2人の楽しそうな姿が脳裏に浮かび上がって、さらに胸が痛む。


(…何なんだよ……)




愛の隣にいるのは、いつも俺だったのに。


--------------------------------------------

最近寝不足も相まって、授業に全然集中できていなかった俺は、いつの間にか放課後になってることにも暫く気づかなかった。

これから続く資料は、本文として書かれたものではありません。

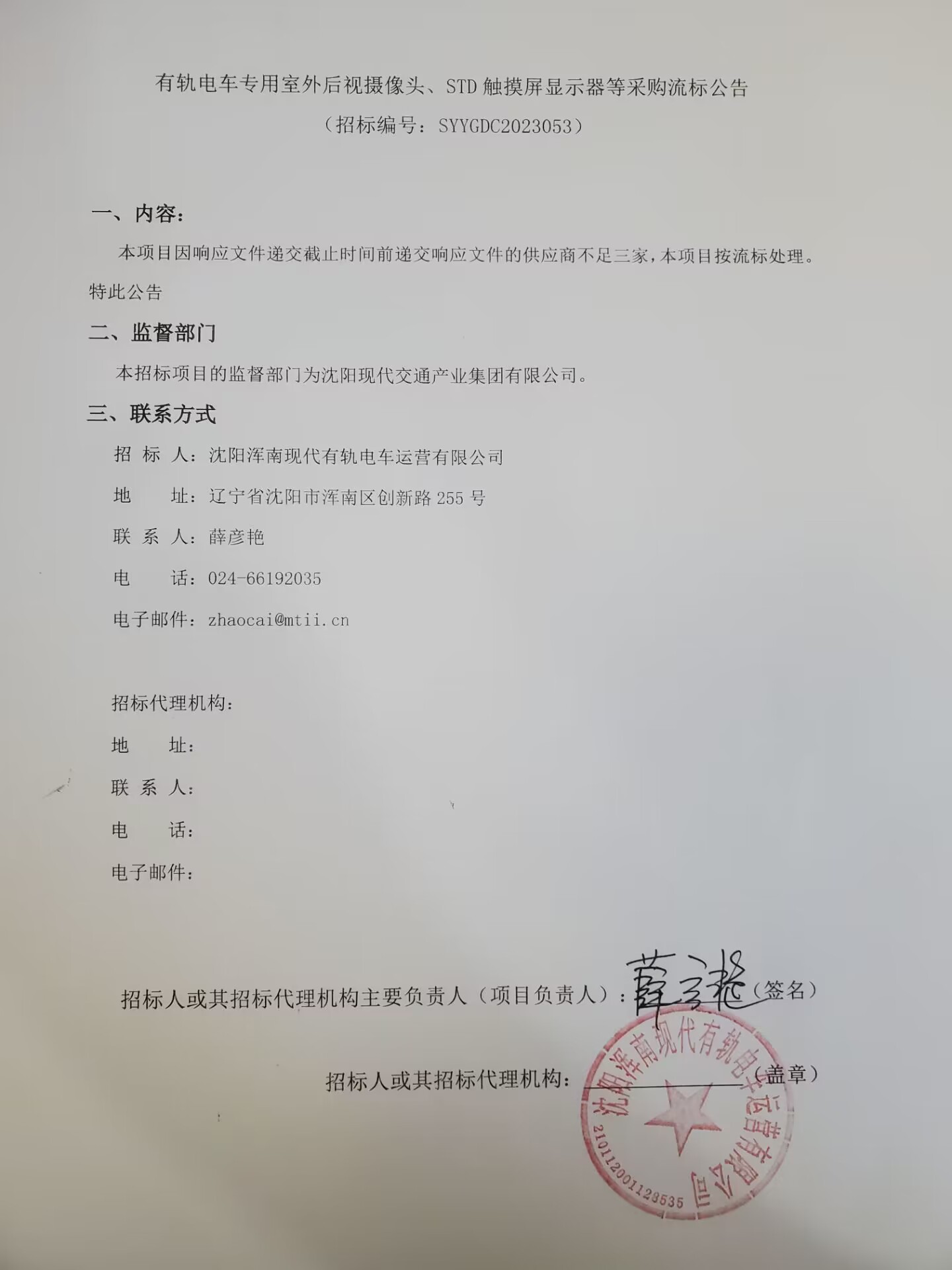 有轨电车专用室外后视摄像头、STD触摸屏显示器等采购流标公告

クラスメイトに話しかけられ、初めてホームルームが終わったことに気づく。


「ははっ。廣瀬、いつにも増してぼーっとしてんな。」

「……悪ぃかよ。」

「いや?……てかお前、クマ酷いけど大丈夫か?寝れてんの?」

「………いや、まぁ…」


「理央猫派なの!?…めちゃくちゃぽすぎておもろいんだけど!」

「…何だよ、笑うなよなー。」


クラス内に明るく大きな声が響いて、会話が中断される。

どうやら、付き合うなら犬系か猫系かで盛り上がってるらしい。


小学校のつきだんから始まり、どうやら女子はこういう話が大好きらしい。


(くだらな……)


どうか自分に会話が振られませんように、と存在を消すことに集中してる時だった。


「…あれ!愛じゃん!」

「明里ちゃん!」


(っ)


また意識をそちらに全集中させる。

どうやら江南は、愛にもどちら派なのか聞くことにしたらしい。

愛は戸惑いつつも、記憶の何かを思い出しながら考え始めていた。



(……猫派だろ。)


小学生の頃、俺様の西園寺の方が好きだと言っていたことを思い出す。

あれは猫ではないが、犬か猫かで言ったら圧倒的に猫に分類されるだろう。


答えを聞くまでもないなと、またクラスメイトとの会話に戻ろうとした時、




「…犬、かな。」





「…、は?」



(……今なんて言った?)



人違いだろうか。でも俺が、彼女の声を間違えるはずがない。


……なら、聞き間違いだろうか。


「愛は犬派なんだー!愛情表情真っ直ぐ伝えられたいってこと?」


間違いじゃなかったらしい。


「…うん、まぁその方が可愛らしいなって思うかな。」


(は?)


その言葉を聞いた瞬間、視界が真っ暗になる。



ー愛情表現を真っ直ぐ伝えられた方がいいんだ?


ーうん、まぁその方が可愛らしいなって思うかな。



先程の彼女らの会話を思い出す。



(………何だよ、それ)


ここ数年の自分の努力が、全て泡になった瞬間だった。